Common indicators of neglect include:

  • Persistent hunger
  • Stealing or hoarding food
  • Abrupt, dramatic weight change
  • Persistent poor hygiene
  • Recurring untreated medical issues
  • Ongoing lack of supervision
  • Consistently inappropriate dress
  • Excessive school absences

Sexual abuse is defined by CAPTA as "the employment, use, persuasion, inducement, enticement, or coercion of any child to engage in, or assist any other person to engage in, any sexually explicit conduct or simulation of such conduct for the purpose of producing a visual depiction of such conduct; or the rape, and in cases of caretaker or inter-familial relationships, statutory rape, molestation, prostitution, or other form of sexual exploitation of children, or incest with children."

Common indicators of sexual abuse‚Ä® and sexual exploitation include:

  • Age-inappropriate knowledge of sexual behavior
  • Sexually explicit drawings and behavior
  • Unexplained fear of a person or place
  • Unexplained itching, pain, bruising, or bleeding in the genital area
  • Age-inappropriate seductive behavior
  • Pregnancy
  • Venereal disease, frequent urinary, or yeast infections
  • Laceration of the hymen, missing segment of hymenal tissue
  • Perianal lacerations extending deep to the external sphincter
  • Laceration or bruising of labia, penis, scrotum, perianal tissues, or perineum

Emotional abuse (or psychological abuse) is a pattern of behavior that impairs a child's emotional development or sense of self-worth. This may include constant criticism, threats, or rejection, as well as withholding love, support, or guidance.

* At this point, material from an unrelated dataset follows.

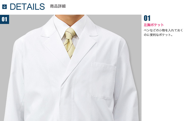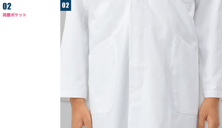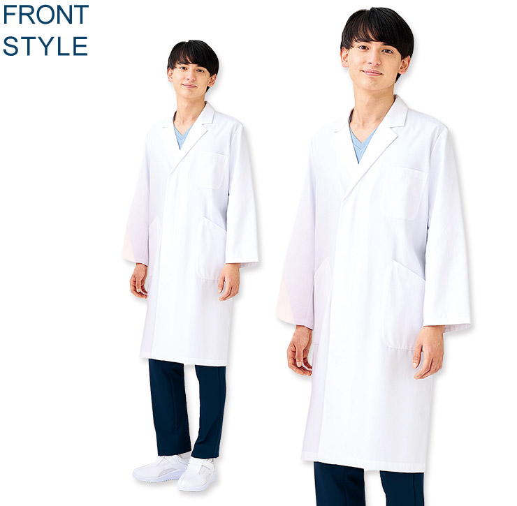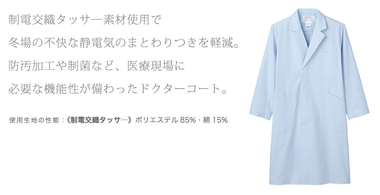 すっきりした印象を与えるボタンが見えないシングルタイプのドクターコート。 帯電防止、防汚加工、制菌加工、透け防止など医療現場に必要な機能性を兼ね備えています。 S~3Lまでの豊富なサイズ展開。

Emotional abuse is often difficult to prove and, therefore, child protective services may not be able to intervene without evidence of harm or mental injury to the child. Emotional abuse is almost always present when other forms are identified.

Abandonment and parental substance abuse are now defined in some states as other forms of abuse and neglect. Examples include:

  • Prenatal exposure of a child to harm due to the mother's use of an illegal drug or other substance.
  • Manufacture of methamphetamine in the presence of a child.
  • Selling, distributing, or giving illegal drugs or alcohol to a child.
  • Use of a controlled substance by a caregiver that impairs the caregiver's ability to adequately care for the child.

The lists here are just some of the more common indicators of abuse and neglect. They are not exhaustive. Use common sense, and always err on the side of caution by filing a report when in doubt.

Child maltreatment is a significant public health problem in the United States. More than 700,000 children are confirmed as abused and neglected by Child Protective Services (CPS) each year. These confirmed cases, however, represent only a fraction, not the true magnitude, of the problem.

The definitions of child abuse and neglect may be a challenge to apply to a particular circumstance. Most importantly, it is our job as nurses to make sure the smallest suspicions are reported and not our job to determine whether these legal standards are met. If you suspect that a patient meets the criteria of theses circumstances you MUST file a report with your local authorities.